Josh Hamilton problems redux

Sitting here tonight watching Sports Center, I just heard about the photos published of Texas Rangers outfielder Josh Hamilton in some PG-13 drunken covorting with women not his wife. The photos, which were taken in January, are really not any more graphic than what you’d find on an 11th grader’s Facebook site. Still, coming from a born-again Christian who professes to have turned his life around from years of drug addiction through the power of Jesus Christ, it does create a bit of an image problem for the slugger.

Since the photos surfaced, Hamilton has come out to address the issue, saying it was a lapse in judgment, one that affected his marriage and children. Since the incident, which ocurred in an Arizona bar, Hamilton says he has been sober and forthright with his family and Rangers about his problem.

I was disappointed to hear about Josh’s relapse, but perhaps not as letdown as others. My issue with it is that Hamilton will be known now as a hypocrite for having put his faith at the forefront of his recovery and then slipping up.  After all, this was the guy who after winning the 2008 home run derby at Yankee Stadium thanked Christ for his performance. I feel for the guy because the Christian life is easier said than done and it’s easy to slip up.

For the last few seasons baseball has been a game of gotcha. From Rafael Palmiero’s positive steroids test just months after denying his use to congress, to Jason Giambi, Barry Bonds, Roger Clemens, Manny Ramirez and now David Ortiz, the public has voiced disgust with players and though they fill up the seats, the sure are indignant about the misdeeds.

Personally, I hold nothing against this guy. It’s his business and between him and his God – who I suppose is the same God as mine. I guess what I wonder about is if it was necessary for Hamilton to be invoking Jesus last year as he made a spectacular comeback from the guy who smoked crack to an All-Star. I say that only because sometimes it seems that one’s relationship with Jesus doesn’t mean he or she won’t slip up. We do it on a daily basis, really. Rather than Jesus taking removing himself from the trailer parks where he was using, maybe Josh did it himself and Jesus is really what he should be striving for rather than giving the impression that he’s always there, automatically hiding him from the devil.

A while back, Hamilton wrote a very moving blog about his awakening from addiction. He was shoeless, walking along a deserted road in North Carolina, high on Klonopin. Hamilton said he felt he was stuck in a tug of war between good and evil. In light of the recent news that he’s relapsed – which most addicts do – his testimony to some may seem very worthless.

It all reminds me of a scene from the movie Walk The Line in which Johnny Cash is trying to convince his record label to let him record an album in front of prisoners, who made up a big portion of his fans.

One of the executives reminds him that his listeners are family folks, respectable, good Christians. These are the type of people who wouldn’t want him to perform for prisoners.

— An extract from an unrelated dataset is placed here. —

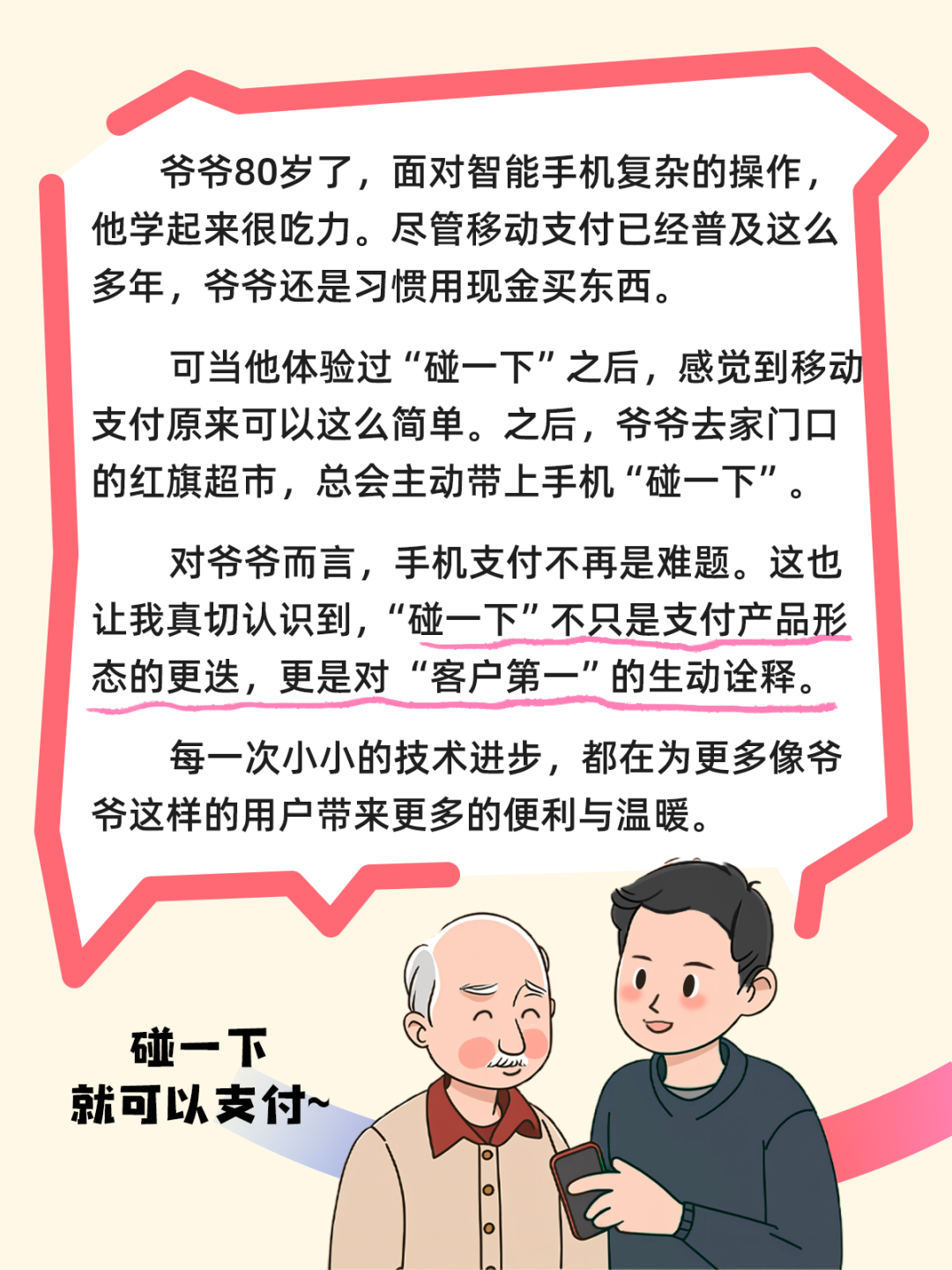“我们打造的‘碰一下’支付,是把原有的NFC 技术与最新用户体验相结合,精心打磨后,给大家带来全新支付体验。使用时,只需手机靠近支付设备,轻松就能完成交易,适合应对各种消费场景,而且支付的同时,会员积分、优惠、免单、卡片奖励等福利同步尽享。”

The singer responded that in that case, those types of listeners didn’t sound much like Christians to him.  To me, Josh Hamilton is not a “super Christian”. He’s just a dude. He’s a dude who lslipped up in his drinking and let his guard down. He’s not the victim of a Satanic plot and mercifully, he’s not playing it that way. Regardless, there are really few super Christians out there. If there were, maybe there wouldn’t be a point to Christianity. That said, like those who took the banned substance and even those who have only been pointedly accused of it, he’s got a credibility problem to deal with.

I’m sure that during this critical weekend series against the Los Angeles Angels, Hamilton would rather be focusing on other things than these photos, which show his reversal. Still, he’s gotta get up in the morning and get ready for the game. That’s the way life is an that’s really the only way we can handle our setbacks.